**Problem details**
The output must contain exactly the lines from the top of the listing below through the line containing "또한 복도 손잡이도 설치해야", and no pictures.

--- Dataset extract Enclosed Below ---

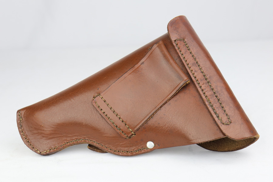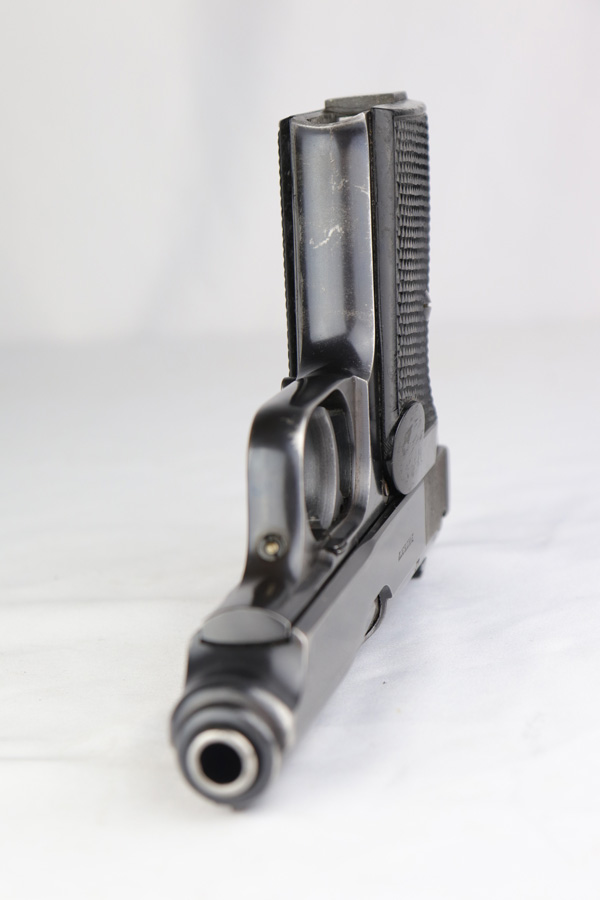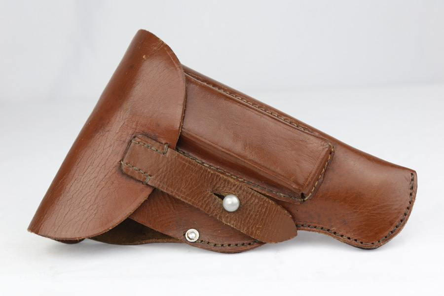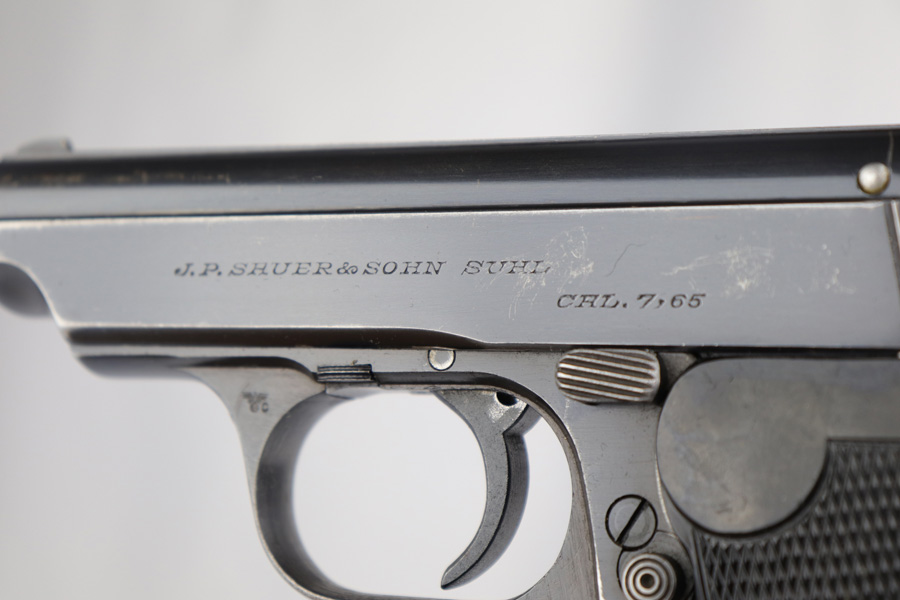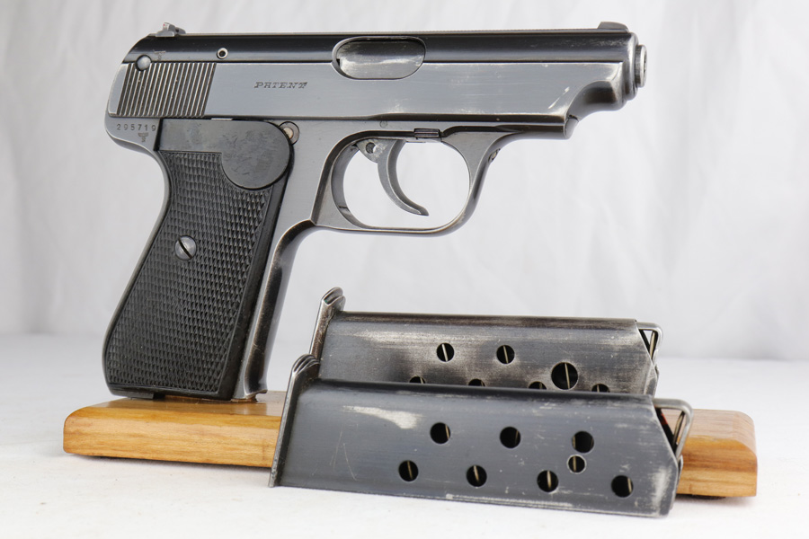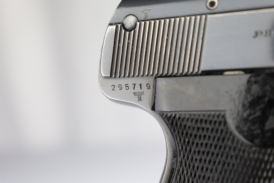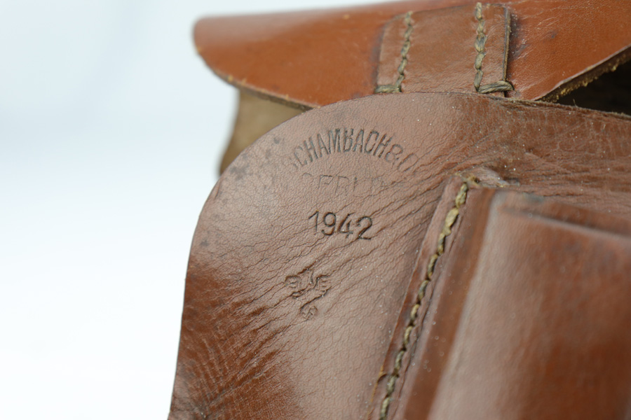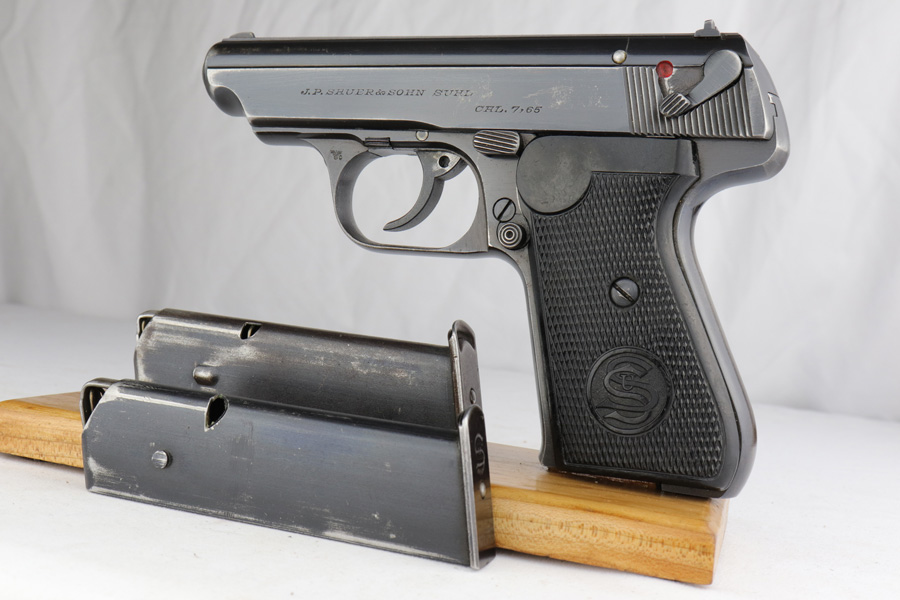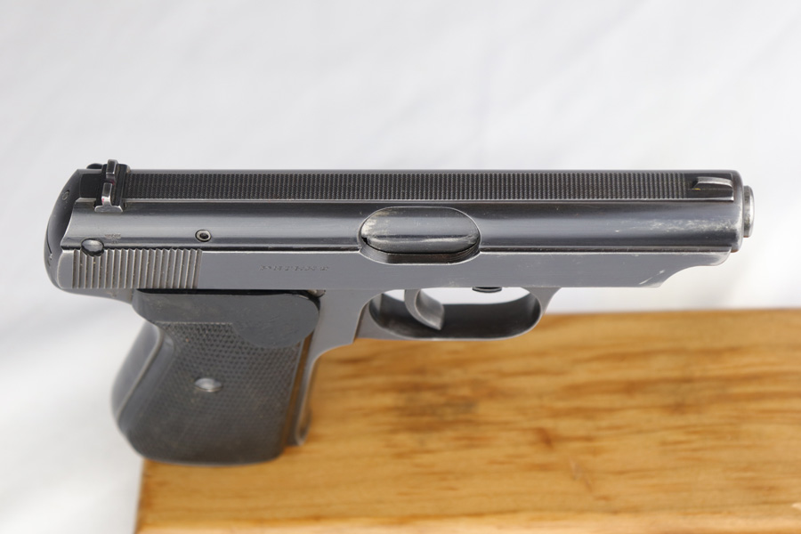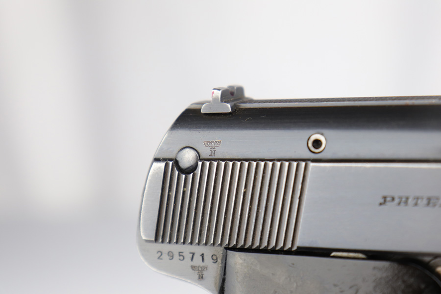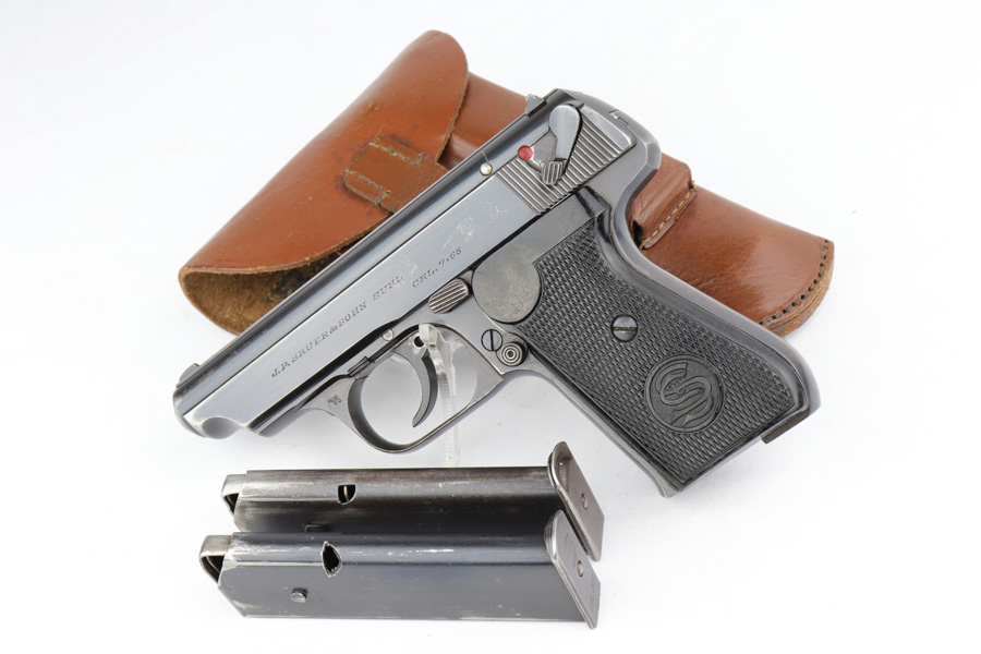 3/19/19 – This is an early, 1st variation Police high polish eagle/c stamped Sauer 38h. Approximately 30,000 of this variation were produced. The pistol has about 90-92% original finish in tact with finish loss on the muzzle and straps. The right side of the slide has thinning between the ejection port and muzzle, the reverse side has light surface scratches / bluing loss near the legend. Minty bore is 10/10. Original grips, and comes with two magazines, as well as a 1942 dated police holster. One magazine has early bottom, other is later with half-moon.
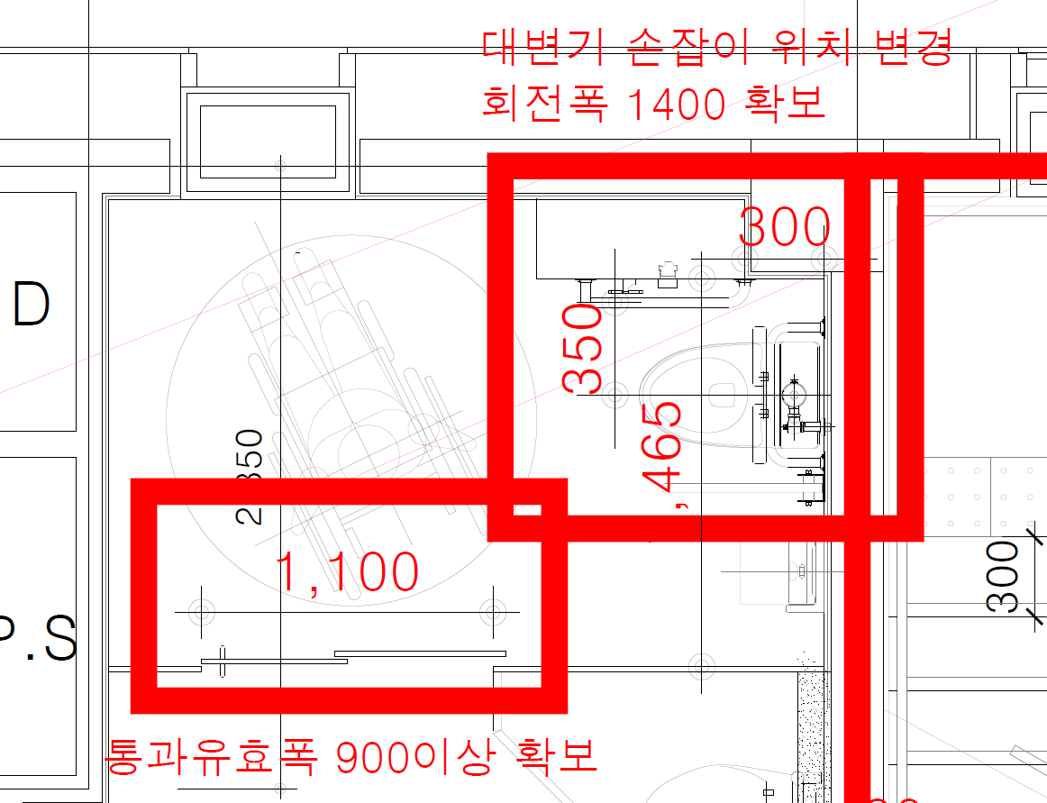또한 복도 손잡이도 설치해야 하니 타이트하게 복도 유효폭을 계획 시에는 구조가 변경될 수 있습니다.
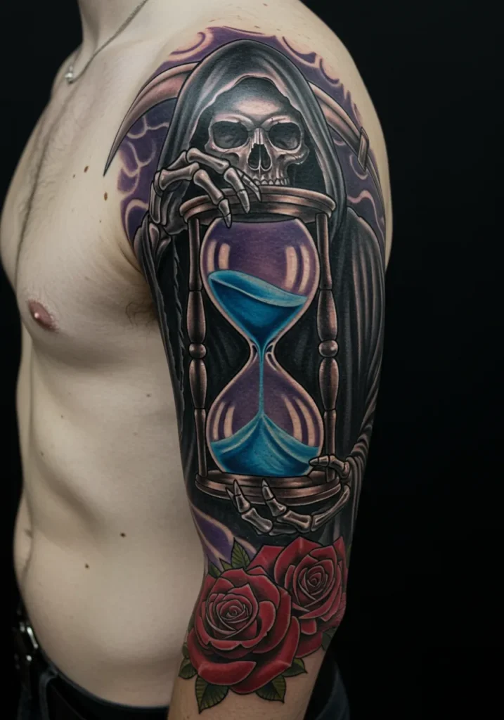 This bold upper arm tattoo features the classic Grim Reaper holding an oversized hourglass, with piercing blue sand slipping away between the glass chambers. The skeleton figure is cloaked in deep black with soft purple shading that adds depth and drama. Below the hourglass, two vivid red roses bloom at the edge of the design, offering a perfect contrast to the darker elements. Every detail, from the sharp bony fingers to the soft glow on the glass, feels sharp and carefully crafted.
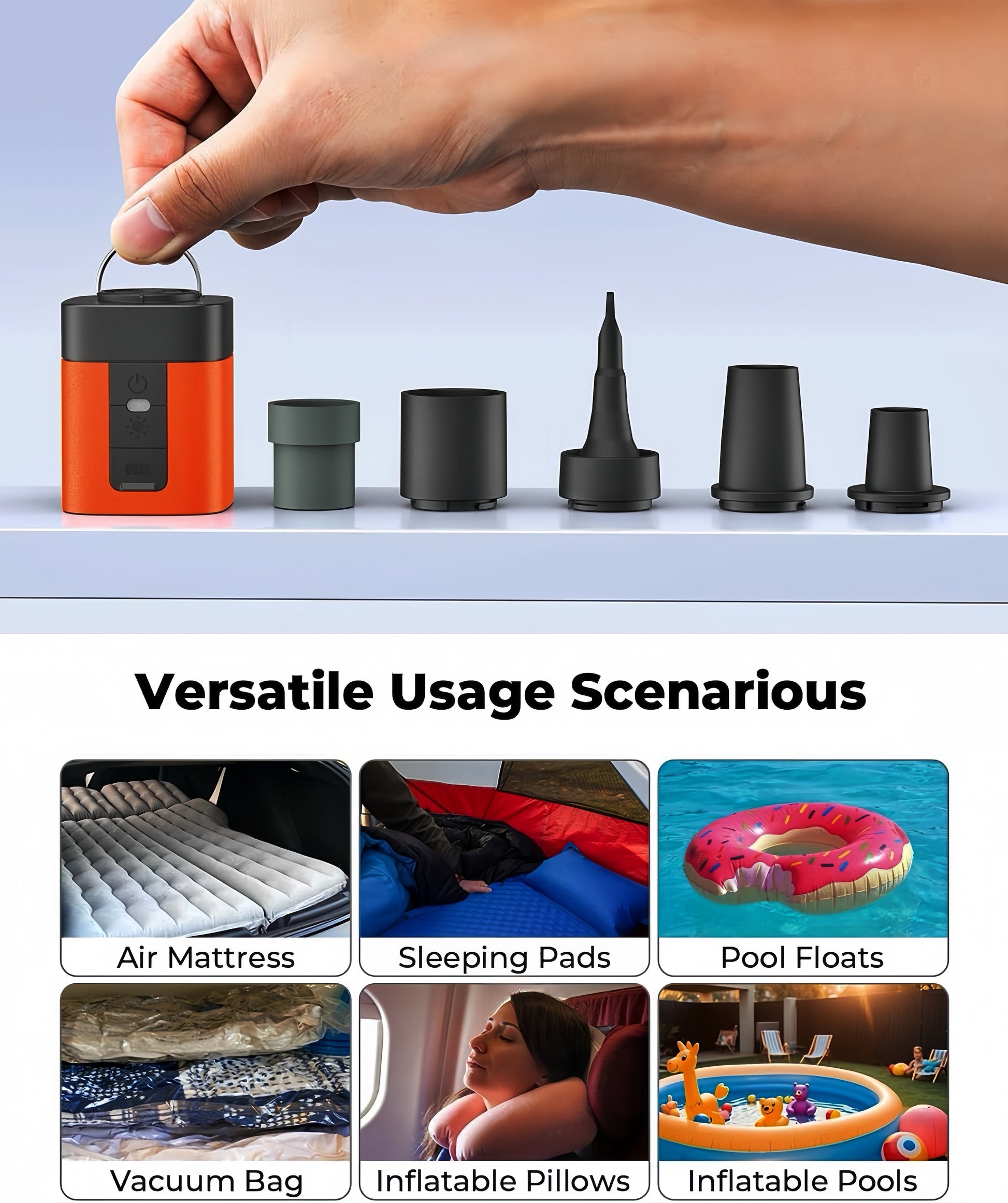 More than just an inflator, AirBurst Pro also functions as a vacuum pump, helping you compress storage bags and save valuable space in your luggage or closet. It comes equipped with multiple nozzle heads to fit various items like air loungers, sleeping pads, vacuum bags, and more. A built-in LED light adds convenience for night setups or emergency use.

--- End of Enclosed Dataset extract ---

**Result of this task**
 3/19/19 – This is an early, 1st variation Police high polish eagle/c stamped Sauer 38h. Approximately 30,000 of this variation were produced. The pistol has about 90-92% original finish in tact with finish loss on the muzzle and straps. The right side of the slide has thinning between the ejection port and muzzle, the reverse side has light surface scratches / bluing loss near the legend. Minty bore is 10/10. Original grips, and comes with two magazines, as well as a 1942 dated police holster. One magazine has early bottom, other is later with half-moon.
또한 복도 손잡이도 설치해야 하니 타이트하게 복도 유효폭을 계획 시에는 구조가 변경될 수 있습니다.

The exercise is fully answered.